In computing, a graph database is a database that uses graph structures for semantic queries with nodes, edges, and properties to represent and store data. A graph database is any storage system that provides index-free adjacency. This means that every element contains a direct pointer to its adjacent elements and no index lookups are necessary. General graph databases that can store any graph are distinct from specialized graph databases such as triplestores and network databases. (source: Wikipedia)

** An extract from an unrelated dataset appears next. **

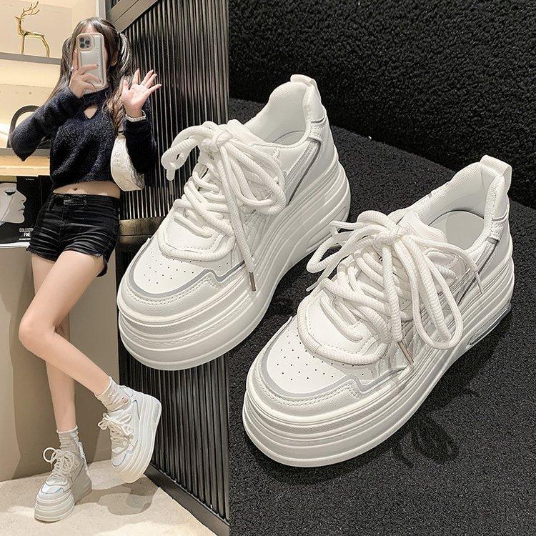 Маленькие белые туфли женские осенние толстые подошвы для пожилых людей с чувством повседневного спорта в высоких туфлях-булочках

The workshop was led by Stephan (@Piratevsninja) – thank you very much! – and we used Neo4j, the most popular open source graph database. After this day of dive-in I can say I can start to create my first graph database application without asking myself all the time what the hell am I doing 🙂
Also: what is a graph database?
On a very high level we can split the databases into two types: RDBMS and NoSQL. In other words: into relational and nonrelational storages.
NoSQL databases – called by Martin Fowler Not Only SQL have the main focus on the data model and not on the relations between the data. Mostly there isn’t any relation between the entities. They can be differentiated based on the data model they use. Here some examples: Key-value storages (Redis, CouchDB, etc.), Document DBs (Lotus Notes, MongoDB, etc.), Column based DBs (Cassandra, HBase, etc.).
Relational databases (RDBMS) store the data denormalized and define the relations between the data types (also ALL the entries of one type). I don’t think I have to give examples for our plain old databases: if you can join and distinct data you are in the world of relational databases.
Graph databases combine both worlds: they are relational databases with the main focus on the relations between the data (not between the data model) – or like Stephan formulated it: they put data in the context of relationships.
How you define the content ?
A graph database contains nodes (instances like “Emil” and “Ian”) and relations between these nodes (“knows”). One node is defined through some properties and can be grouped through labels. They often have aliases to be easier to work with them:
Emil:Person {name:"Emil", age:"20"}, Ian:Person {name:"Ian"}
One relation is defined through a name, the nodes it connects and the direction of this connection. Relations can also have properties but they should be very carefully chosen. They must describe the relation and not the nodes.
(Emil)-[:KNOWS {certainty:100}]->(Ian)
Now is clear to see what is the difference between a “plain” relational and a graph database: for the former you care always about the data. For the latter the data means nothing without the relation to some other data.
Fine, I can set actors in relations. So what?
The most important point is: think around a corner. The fact that I can report that Ian knows Emil and Johann knows Emil too can be interesting but I don’t think there are any new business ideas in the domain of social connections which weren’t evaluated yet. What about the information that only 20% of the Swedish tourists who visit Germany and are between 18 and 25 do not speak German? This is surely a VERY interesting to know if you sell German dictionaries in the near of Universities…
I just invented this idea – I have no idea how many Swedish guys between 18 and 25 are speaking German 😉 – but this is what I mean with think around a corner!
What else remains to do?
After giving a good thought to the design: the relations and the connected data – like ids and oder characteristics but only if they are must-have – there are only a few things to do. Neo4j just like all the other graph databases have some kind of API to create, insert, update and query data. You only have to save the data across your application and create a UI (or use the one from Neo4j which is one of the coolest UI I ever saw) to create reports. Put this reports in front of the business analyst and you are done!